▶ DATA EXCERPT
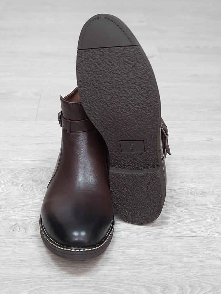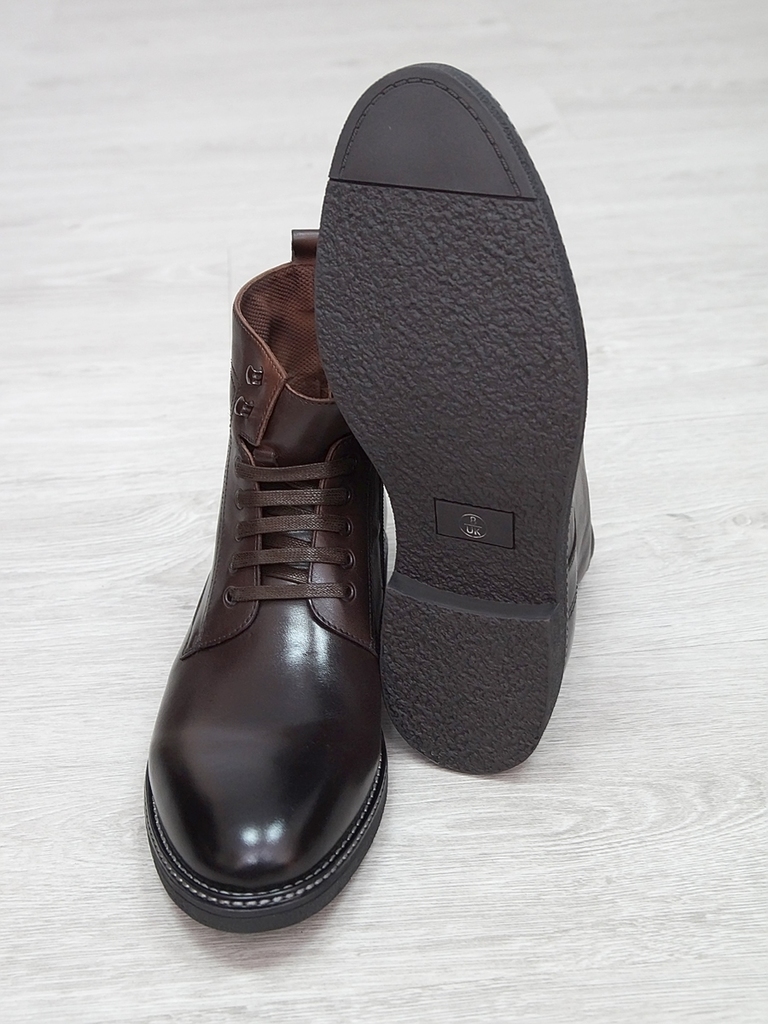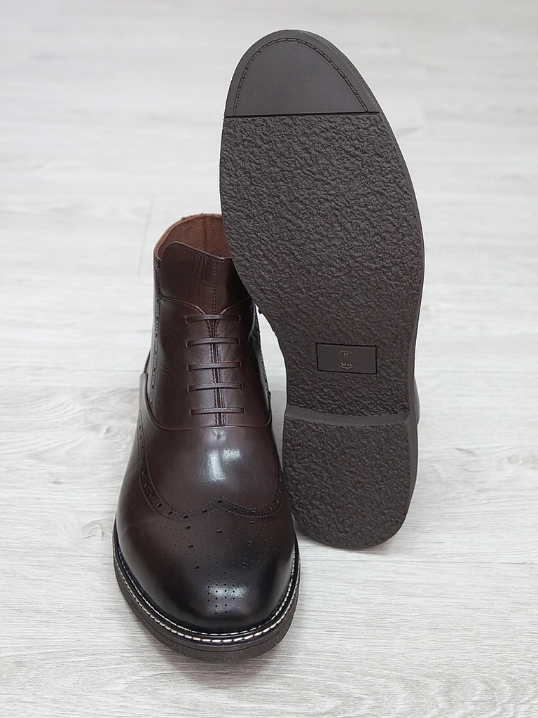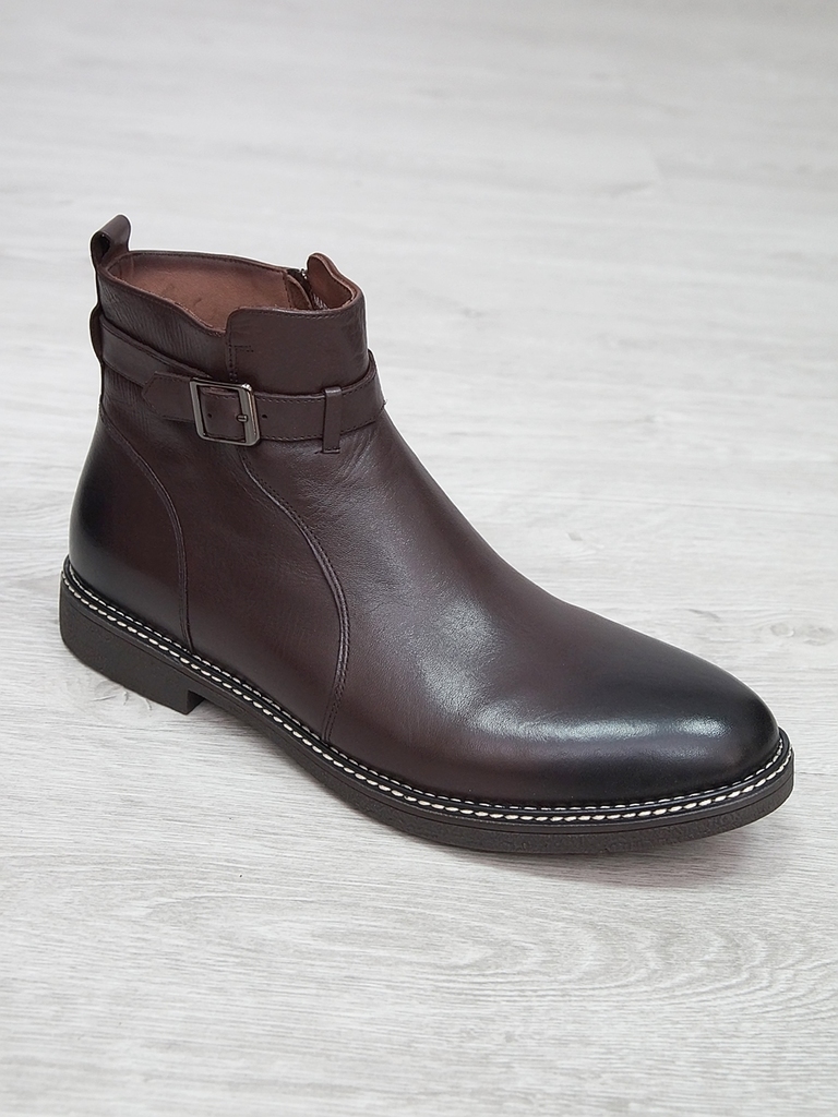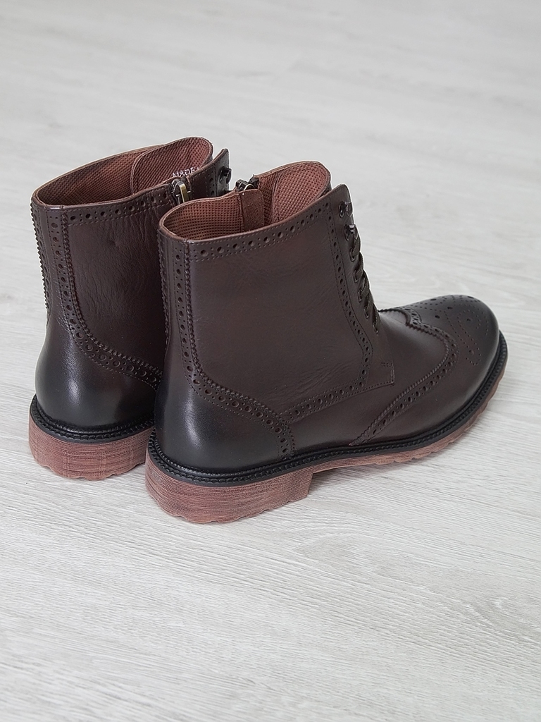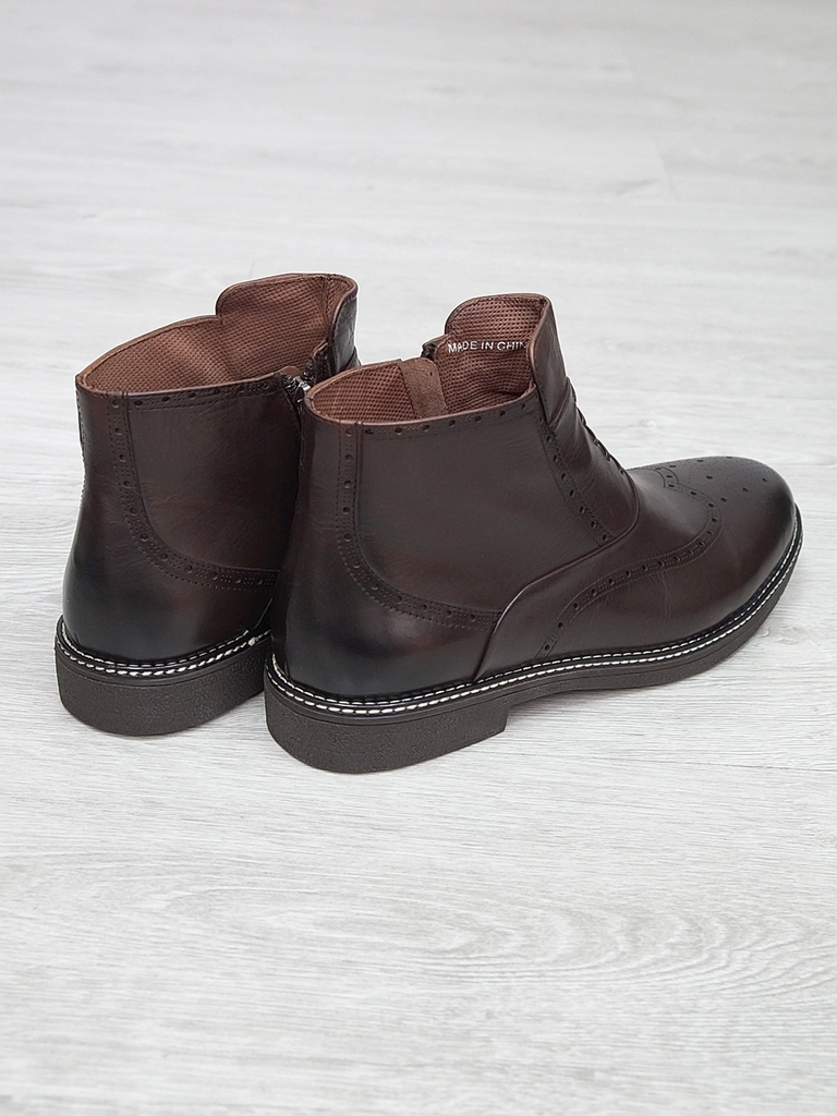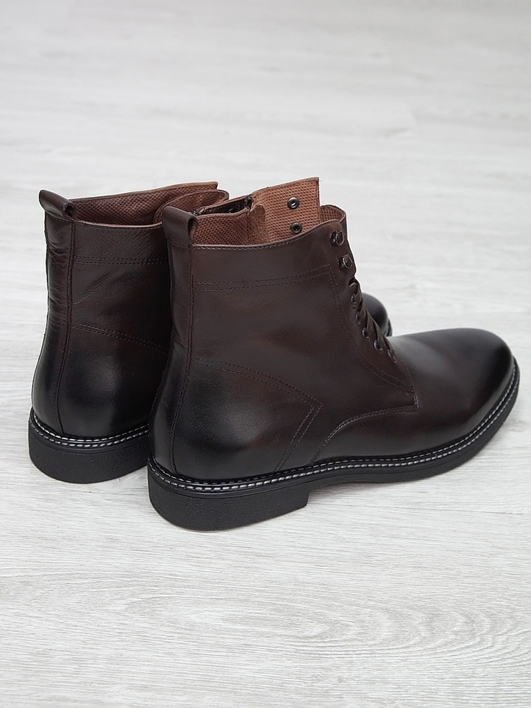 Артикул: 0214 -H9053-B1-SW5. Сезон: Демисезон. Материал верха: Натуральная кожа. Материал подкладки: Натуральная кожа. Размерность: Большемерят. Цвет: Коричневый. Производство: Китай. Эти демисезонные... Показать описание кожаные ботинки представляют собой стильную и практичную обувь, идеально подходящую для прохладной погоды и переменчивых условий межсезонья. Верх выполнен из высококачественной натуральной кожи насыщенного темно-коричневого цвета, которая отличается прочностью, износостойкостью и элегантным внешним видом. Модель обладает классической формой с аккуратным и продуманным дизайном, что делает её универсальным вариантом для разнообразных образов — от деловых до повседневных. Особенностью ботинок является прочная шнуровка с металлическими крючками и глазками, позволяющая идеально зафиксировать стопу и регулировать посадку по индивидуальным предпочтениям. Внутри расположена мягкая подкладка из натуральных материалов, которая обеспечивает комфорт при носке, способствует хорошей вентиляции и поддерживает здоровье ног в течение всего дня. Подошва выполнена из прочной резины с рельефным протектором, что обеспечивает отличное сцепление с различными поверхностями, устойчивость и безопасность при движении даже в влажную погоду. Высокий устойчивый каблук и амортизирующая подошва создают комфортную посадку и снижают нагрузку на суставы при ходьбе, позволяя дольше оставаться активным и комфортным. Эти кожаные демисезонные ботинки идеально сочетаются с классическими костюмами, джинсами и casual-образами, делая их универсальным элементом гардероба. Они не только защищают ноги в переменчивую погоду, но и подчеркивают ваш стиль и чувство вкуса, становясь надежным спутником в любой ситуации. Подробное описание: https://obuv-tut2000.ru/magazin/product/botinki-muzhskie-demisezonnye-153
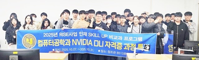 컴퓨터공학과 오명훈 학과장은 “이번 NVIDIA DLI 자격증 취득은 학생들의 기술 수준이 한 단계 도약하는 계기가 되었다”며, “앞으로도 RISE사업과 연계하여 산업 현장형 AI 전문 인재 양성 프로그램을 지속적으로 확대할 계획”이라고 밝혔다.
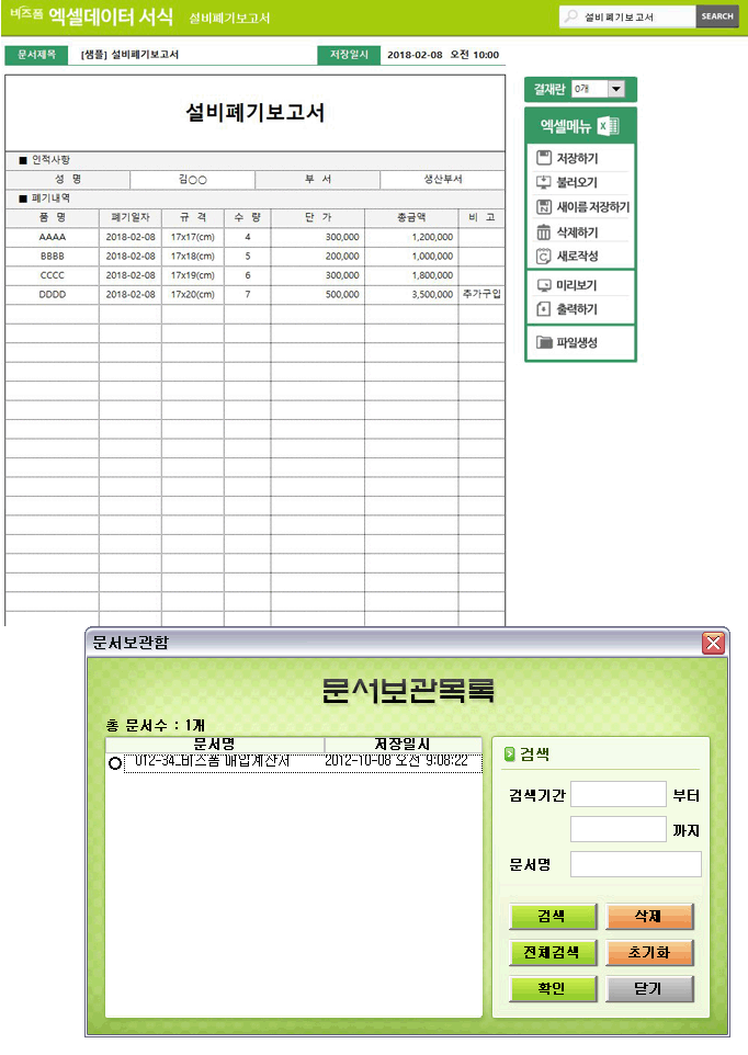 설비폐기보고서입니다. 성명, 부서, 품명, 폐기일자, 규격, 수량, 단가, 총금액, 비고 등으로 구성되어 있습니다. 작성 건별로 데이터 누적, 저장, 수정, 불러오기, 별도 파일로 저장이 가능한 엑셀 데이터 서식입니다.
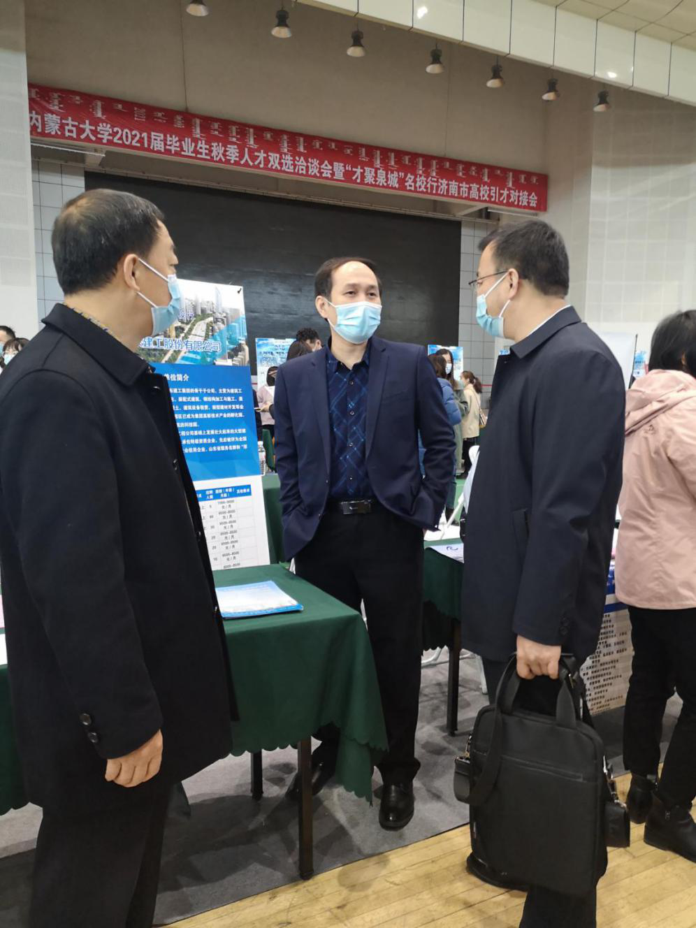 疫情冲击下的高校,就业首当其冲,为了促进我院毕业生就业,10月27日2007so太阳集团党总支书记刘玉明、副书记副院长杨永旺以及负责就业工作的辅导员,一同赴内蒙古大学2021届毕业生秋季人才双选洽谈会,与用人单位进入交流,深入了解当前就业形势及岗位需求,并发出邀请函邀请用人单位积极参加我校10月31日经管、文法、思政专场招聘会。

▶ TASK BRIEF
Give back an exact copy of the material above, omitting the pictures.

▶ TASK RESPONSE
 Артикул: 0214 -H9053-B1-SW5. Сезон: Демисезон. Материал верха: Натуральная кожа. Материал подкладки: Натуральная кожа. Размерность: Большемерят. Цвет: Коричневый. Производство: Китай. Эти демисезонные... Показать описание кожаные ботинки представляют собой стильную и практичную обувь, идеально подходящую для прохладной погоды и переменчивых условий межсезонья. Верх выполнен из высококачественной натуральной кожи насыщенного темно-коричневого цвета, которая отличается прочностью, износостойкостью и элегантным внешним видом. Модель обладает классической формой с аккуратным и продуманным дизайном, что делает её универсальным вариантом для разнообразных образов — от деловых до повседневных. Особенностью ботинок является прочная шнуровка с металлическими крючками и глазками, позволяющая идеально зафиксировать стопу и регулировать посадку по индивидуальным предпочтениям. Внутри расположена мягкая подкладка из натуральных материалов, которая обеспечивает комфорт при носке, способствует хорошей вентиляции и поддерживает здоровье ног в течение всего дня. Подошва выполнена из прочной резины с рельефным протектором, что обеспечивает отличное сцепление с различными поверхностями, устойчивость и безопасность при движении даже в влажную погоду. Высокий устойчивый каблук и амортизирующая подошва создают комфортную посадку и снижают нагрузку на суставы при ходьбе, позволяя дольше оставаться активным и комфортным. Эти кожаные демисезонные ботинки идеально сочетаются с классическими костюмами, джинсами и casual-образами, делая их универсальным элементом гардероба. Они не только защищают ноги в переменчивую погоду, но и подчеркивают ваш стиль и чувство вкуса, становясь надежным спутником в любой ситуации. Подробное описание: https://obuv-tut2000.ru/magazin/product/botinki-muzhskie-demisezonnye-153
 컴퓨터공학과 오명훈 학과장은 “이번 NVIDIA DLI 자격증 취득은 학생들의 기술 수준이 한 단계 도약하는 계기가 되었다”며, “앞으로도 RISE사업과 연계하여 산업 현장형 AI 전문 인재 양성 프로그램을 지속적으로 확대할 계획”이라고 밝혔다.
 설비폐기보고서입니다. 성명, 부서, 품명, 폐기일자, 규격, 수량, 단가, 총금액, 비고 등으로 구성되어 있습니다. 작성 건별로 데이터 누적, 저장, 수정, 불러오기, 별도 파일로 저장이 가능한 엑셀 데이터 서식입니다.
 疫情冲击下的高校,就业首当其冲,为了促进我院毕业生就业,10月27日2007so太阳集团党总支书记刘玉明、副书记副院长杨永旺以及负责就业工作的辅导员,一同赴内蒙古大学2021届毕业生秋季人才双选洽谈会,与用人单位进入交流,深入了解当前就业形势及岗位需求,并发出邀请函邀请用人单位积极参加我校10月31日经管、文法、思政专场招聘会。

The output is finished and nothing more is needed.